Atorvastatin May Attenuate Recurrence of Chronic Subdural Hematoma.

OBJECTIVE: Chronic subdural hematoma (CSDH) is a common form of intracranial hemorrhage with a substantial recurrence rate. Atorvastatin may reduce CSDH via its anti-inflammatory and pro-angiogenesis effects, but its effectiveness for preventing recurrent CSDH has never been explored. We hypothesized that atorvastatin is effective in reducing recurrence of CSDH after surgery and identified determining factors predictive of hematoma recurrence. METHODS: A prospective study was conducted in 168 surgical cases of CSDH.All patients were randomly assigned to the group treated with atorvastatin or control group. Clinically relevant data were compared between two groups, and subsequently between the recurrence and non-recurrence patients. Multiple logistic regression analysis of the relationship between atorvastatin treatment and the recurrence using brain atrophy, septated and bilateral hematoma was performed.

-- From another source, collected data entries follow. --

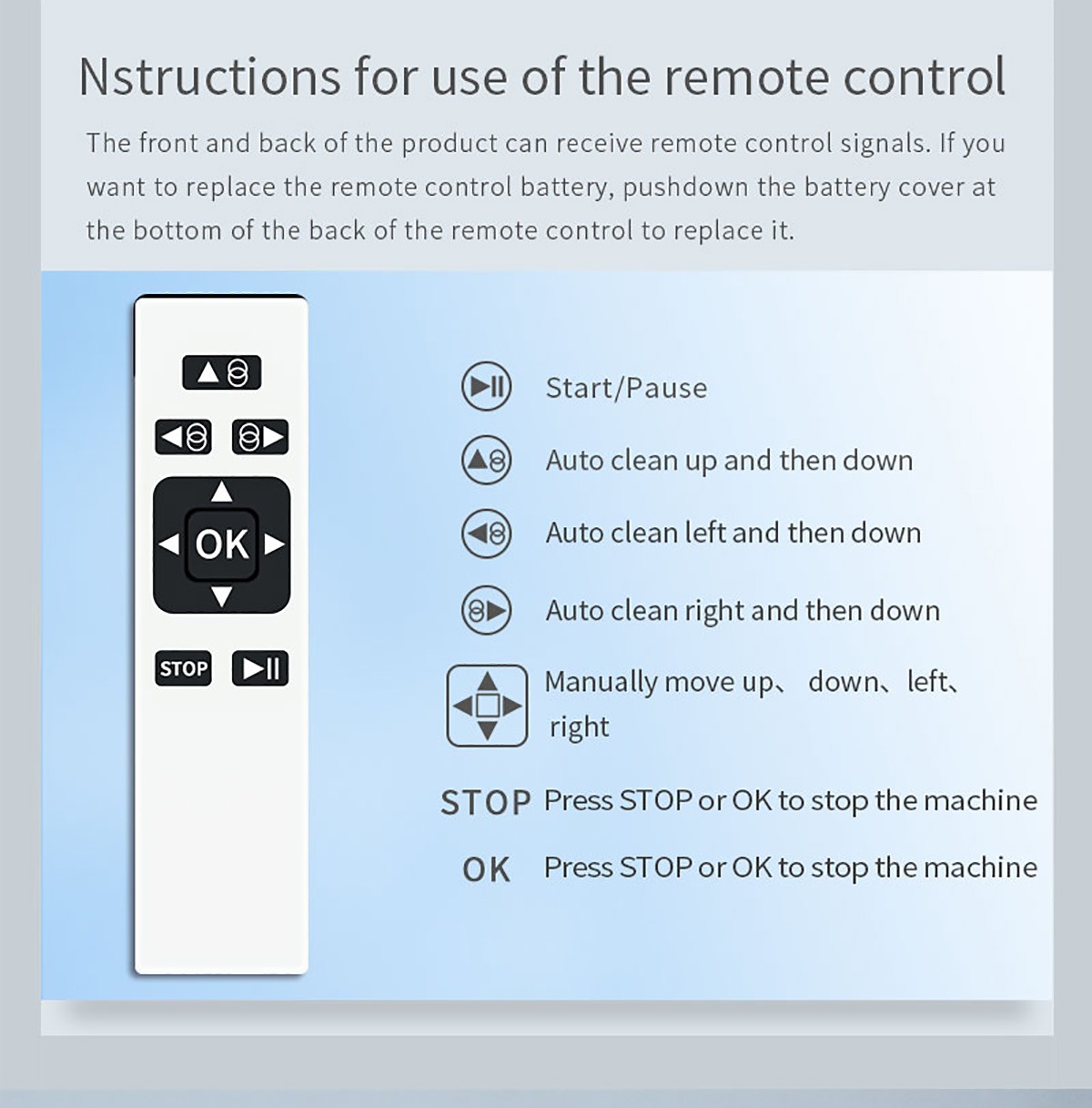 С едно натискане на бутона можете да стартирате, спрете или насочите робота. Включеното дистанционно управление предлага различни режими: движение нагоре, надолу, наляво, надясно или автоматично почистване. Управлението е интуитивно и удобно дори за начинаещи потребители.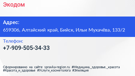 Экодом по адресу 659306, Алтайский край, Бийск, Ильи Мухачёва, 133/2 в дальнейшем Организация, размещена в следующих категориях: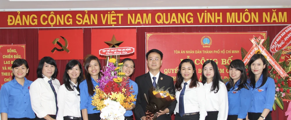 Tòa Lao động TAND TP.HCM tặng hoa chúc mừng tân Chánh án quận 1 Nguyễn Thành Vinh.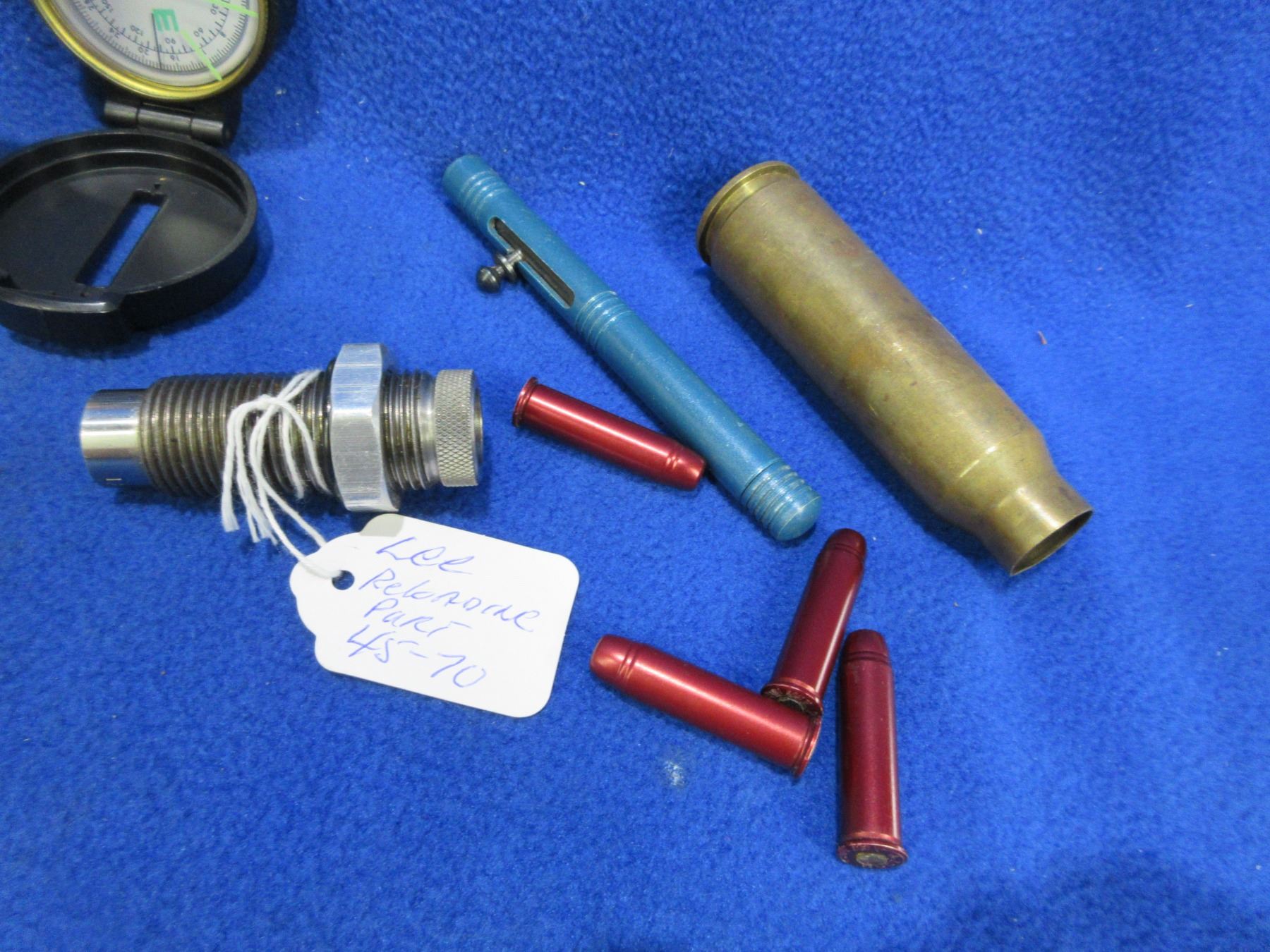 Lot 2448 Lot of Misc. - 45-70 Die, 357 & 12 Ga. Snap Caps, Compass, Shell Casing, Etc.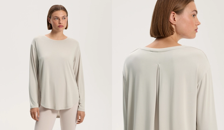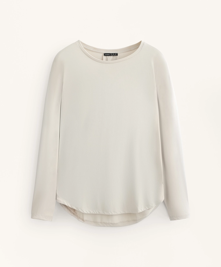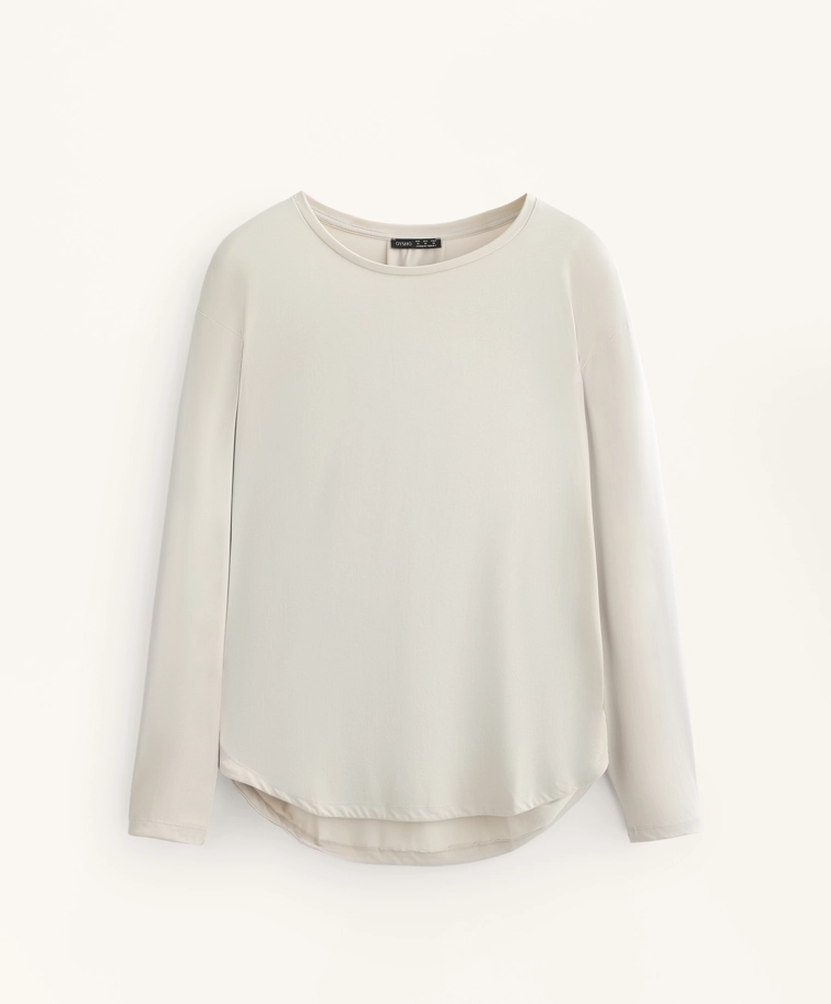 Long sleeve T-shirt with back pleat in a modal blend PALE MINK|0609/314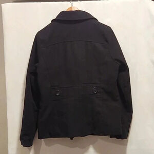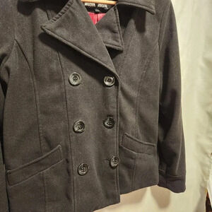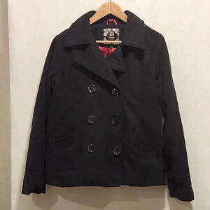 Women's size L, Dollhouse, black peacoat. Double breasted, red lining and two front pockets. Polyester and wool, made in China, machine washable.
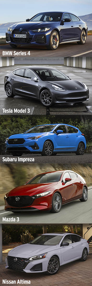 The Mazda 3 is an overachiever inside with premium materials that verge into luxury territory. It’s also one of the most fun-to-drive cars in its class and its stunning good looks are hard to ignore. But it’s smaller inside than many competitors.
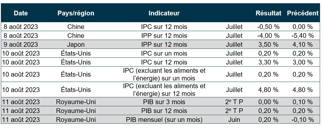 Actions : Les actions américaines ont clôturé la semaine avec des résultats contrastés, l’indice S&P 500 oscillant. Les géants des technologies ont déclaré des bénéfices contrastés, ce qui a miné la confiance des investisseurs. Les préoccupations à l’égard de la stabilité budgétaire et de la hausse des taux obligataires ont également pesé sur la confiance des investisseurs. Un rapport favorable sur l’emploi a alimenté les spéculations au sujet de la décision que la Réserve fédérale américaine (la « Fed ») prendra en septembre concernant les taux d’intérêt, ce qui a accru l’incertitude sur les marchés.
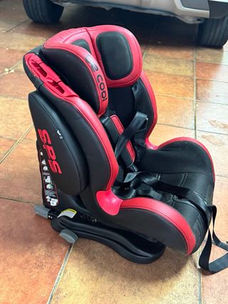 Silla de coche homologada con sistema Isofix, diseñada para la seguridad y comodidad. Esta nueva sin desgaste ni rozaduras, completamente funcional - Color rojo y negro. - Incluye arnés de seguridad de 5 puntos. - Reposacabezas ajustable.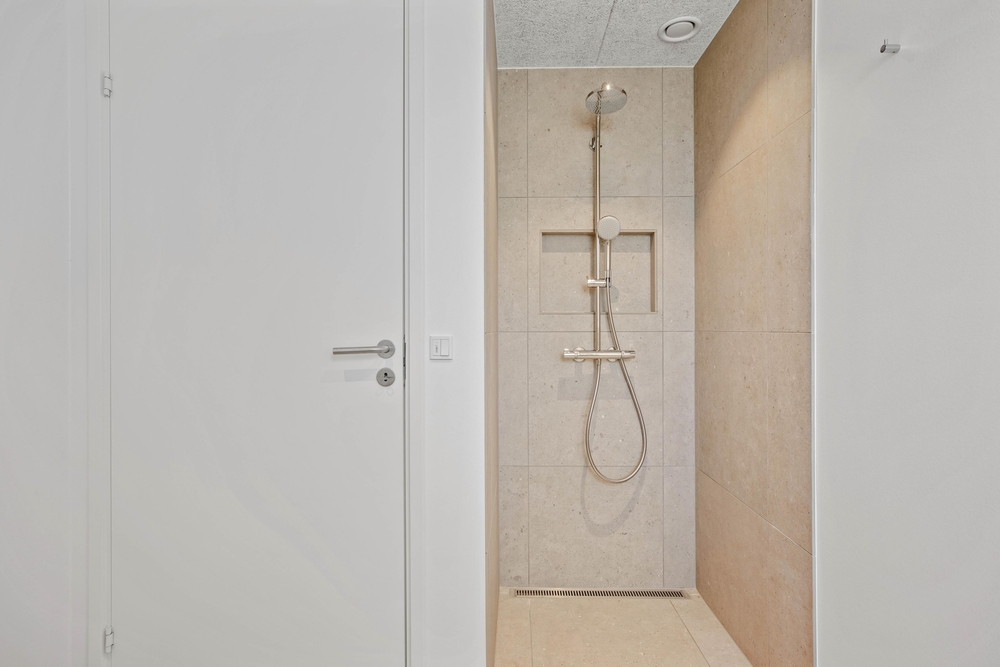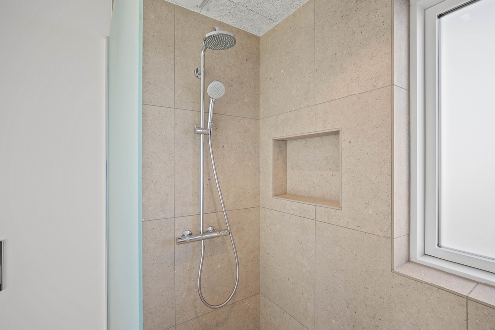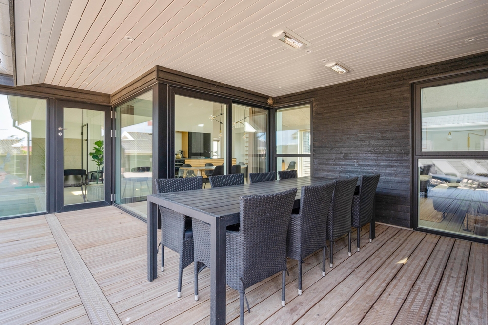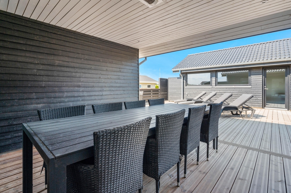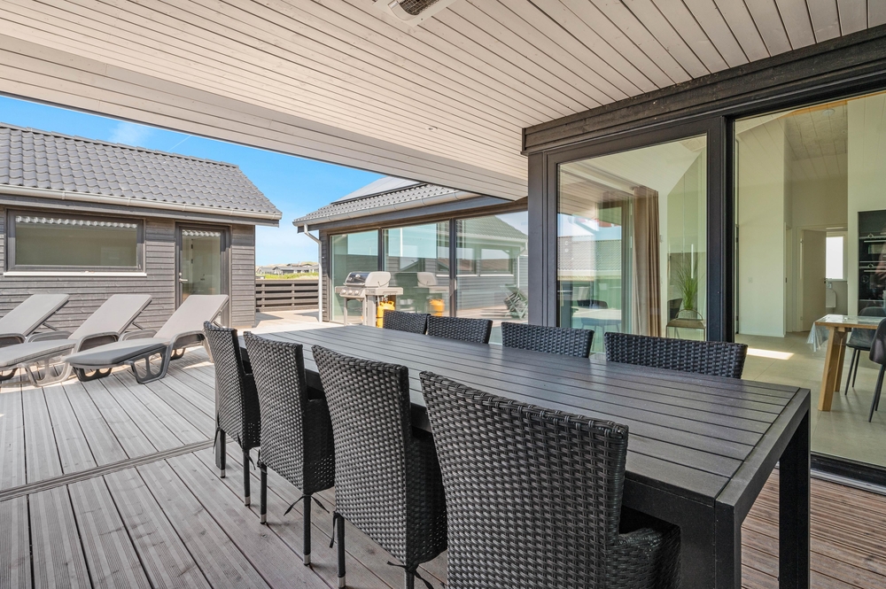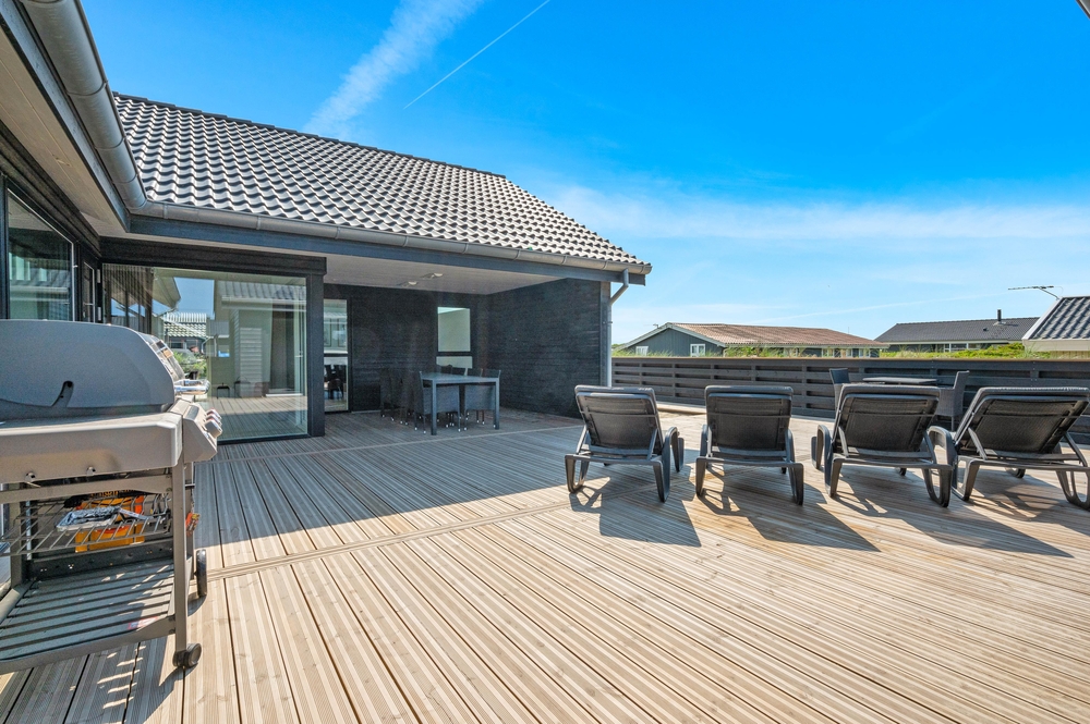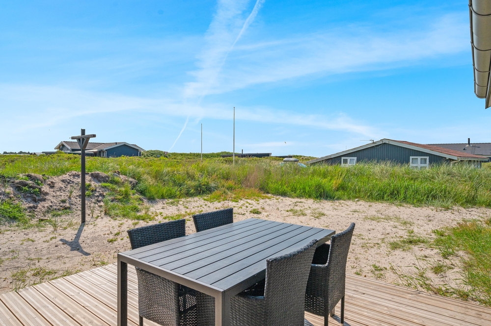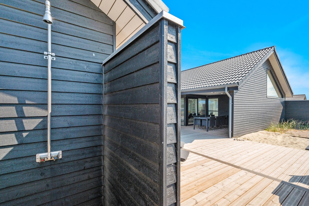 Der er en skøn, delvist overdækket lukket terrasse med udebruser. Her kan I forfriske jer efter en dag i solen eller skylle sandet af fødderne efter en lang gåtur på stranden. Udebruseren kan I benytte fra april til november. På terrassen står også havemøbler, terrassevarmer og gasgrill til fri afbenyttelse. Her kan I tilberede jer en lækker middag. For børnene er der både sandkasse og en gynge.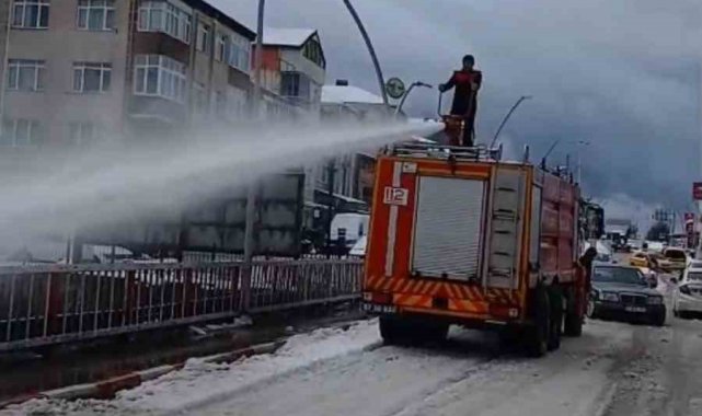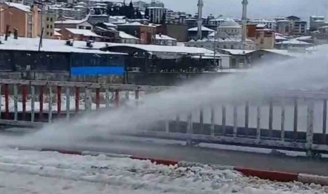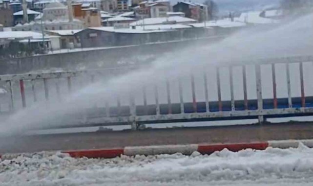 Alaplı Belediyesi ekipleri, buzlanmayla mücadele kapsamında tuz dökmek yerine denizden çekilen suyu itfaiye araçlarıyla cadde ve sokaklara püskürterek temizlik çalışması yaptı. Özellikle rampalı bölgelerde uygulanan yöntemle kar ve buzun kısa sürede eritildiği belirtildi.
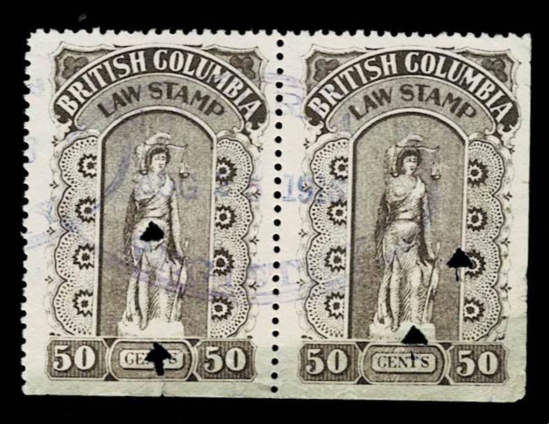 | British Columbia 1905 Series law stamps, joined pair BCL20 50c brown.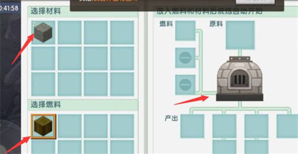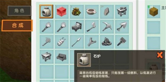 3、接着我们需要准备4个土块以及8个岩块,即可开始合成石炉。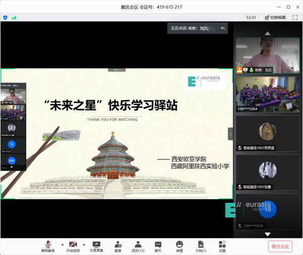 公开课过程中,西藏阿里陕西实验学校邓付宽校长、电教中心张波老师、班主任卓玛老师、我校徐缤荣老师全程组织协调,令我校大学生项目组非常感动。汉文化推广,任重道远。西安和西藏两地联手,共同托举起家庭、西藏、民族、国家的“未来之星”。

RESULTS: Atorvastatin group conferred an advantage by significantly decreasing the recurrence rate (P = 0.023), and patients managed with atorvastatin also had a longer time-to-recurrence (P = 0.038). Admission brain atrophy and bilateral hematoma differed significantly between the recurrence and non-recurrence patients (P = 0.047 and P = 0.045). The results of logistic regression analysis showed that atorvastatin significantly reduced the probability of recurrence; severe brain atrophy and bilateral hematoma were independent risk factors for recurrent CSDH. CONCLUSIONS: Atorvastatin administration may decrease the risks of recurrence.Patients with severe brain atrophy and bilateral CSDH are prone to the recurrence.